— PROBLEM DESCRIPTION —
Exact copy, no pictures: output each line below as it stands.

---- RECORD EXTRACTS

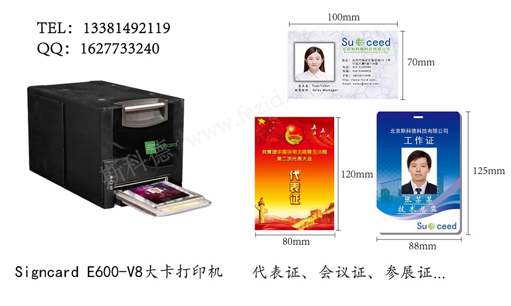 斯科德证件发行管理系统V9的证件发行模块可以满足用户自定义多种版式以及发行个性化证卡的需求。SIGNCARD制卡设备专用于制作多种大幅面证卡,主要幅面有:90*60mm, 100*70mm, 120*80mm, 140*100mm等。
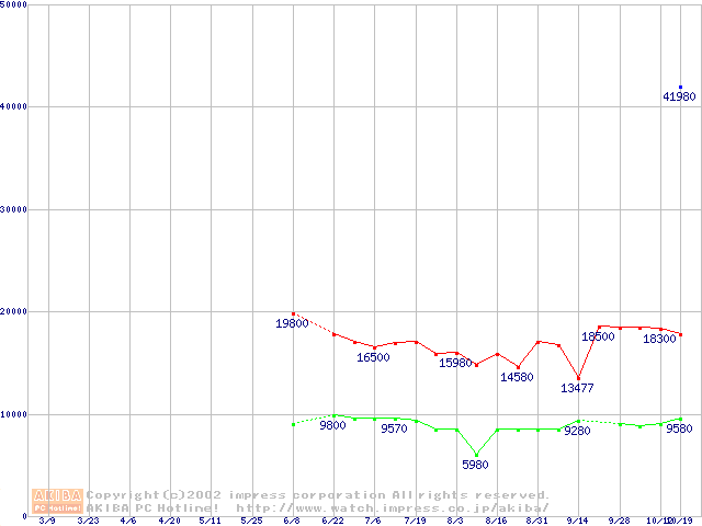 | [↑前グラフ]: | PC800-45 DRDRAM RIMMの最安値推移 |
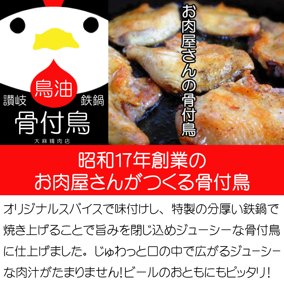 讃岐鉄鍋骨付鳥(鳥油付き)【大麻精肉店】
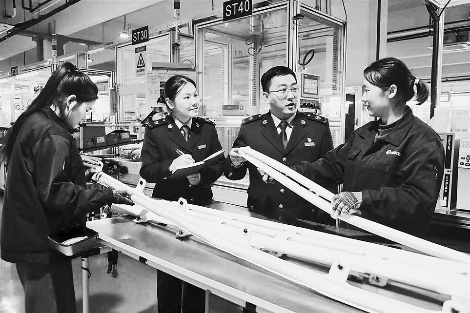 国家税务总局宜兴市税务局近期开展企业走访调研活动,了解企业税费服务需求,现场答疑解惑、引导合规经营。图为税务干部日前在一家汽车安全系统生产服务企业了解生产经营情况,提醒企业防范相关税务风险。
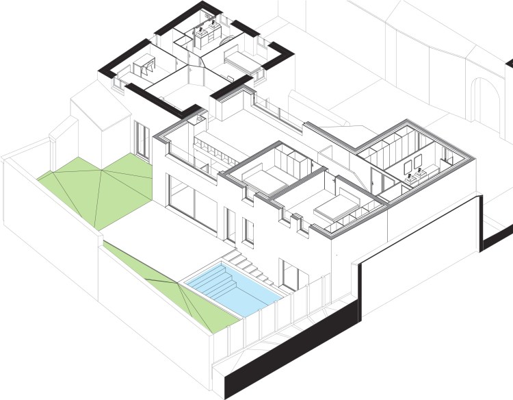 projet 2 – axonométrie côté sud (jardin)
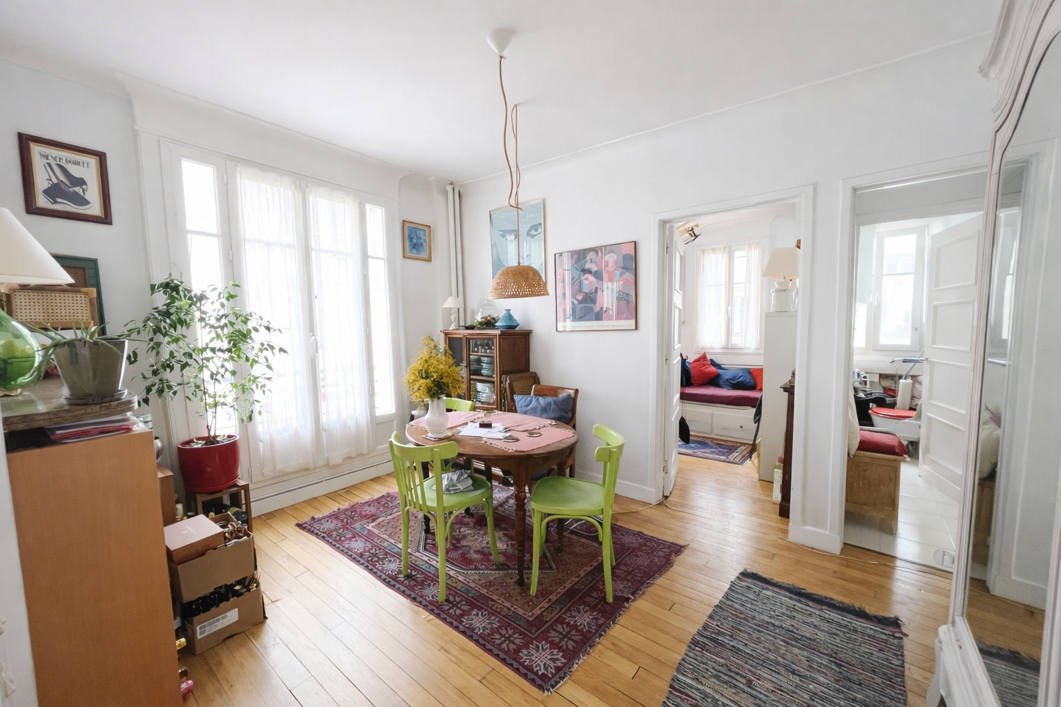 Boulogne entre le centre des Passages et le 16ème arrondissement de Paris, dans une résidence des années 30, au 3 ème étage avec ascenseur, bel appartement d'angle de 50,22 m2 comprenant une entrée, un salon avec cuisine ouverte, 2 chambres (possibilité d'agrandir le salon) dont une avec un balcon, une salle de bains et un WC indépendant. Une cave en sous sol complète le bien.L'immeuble vient d'être ravalé et la chaudière collective a été changée il y a environ 2 ans.L'appartement n'a aucune perte de place, dispose d'un parquet ancien et de double vitrage.Gardienne dans l'immeuble

--------

— RESPONSE TO THE EXERCISE —
 斯科德证件发行管理系统V9的证件发行模块可以满足用户自定义多种版式以及发行个性化证卡的需求。SIGNCARD制卡设备专用于制作多种大幅面证卡,主要幅面有:90*60mm, 100*70mm, 120*80mm, 140*100mm等。
 | [↑前グラフ]: | PC800-45 DRDRAM RIMMの最安値推移 |
 讃岐鉄鍋骨付鳥(鳥油付き)【大麻精肉店】
 国家税务总局宜兴市税务局近期开展企业走访调研活动,了解企业税费服务需求,现场答疑解惑、引导合规经营。图为税务干部日前在一家汽车安全系统生产服务企业了解生产经营情况,提醒企业防范相关税务风险。
 projet 2 – axonométrie côté sud (jardin)
 Boulogne entre le centre des Passages et le 16ème arrondissement de Paris, dans une résidence des années 30, au 3 ème étage avec ascenseur, bel appartement d'angle de 50,22 m2 comprenant une entrée, un salon avec cuisine ouverte, 2 chambres (possibilité d'agrandir le salon) dont une avec un balcon, une salle de bains et un WC indépendant. Une cave en sous sol complète le bien.L'immeuble vient d'être ravalé et la chaudière collective a été changée il y a environ 2 ans.L'appartement n'a aucune perte de place, dispose d'un parquet ancien et de double vitrage.Gardienne dans l'immeuble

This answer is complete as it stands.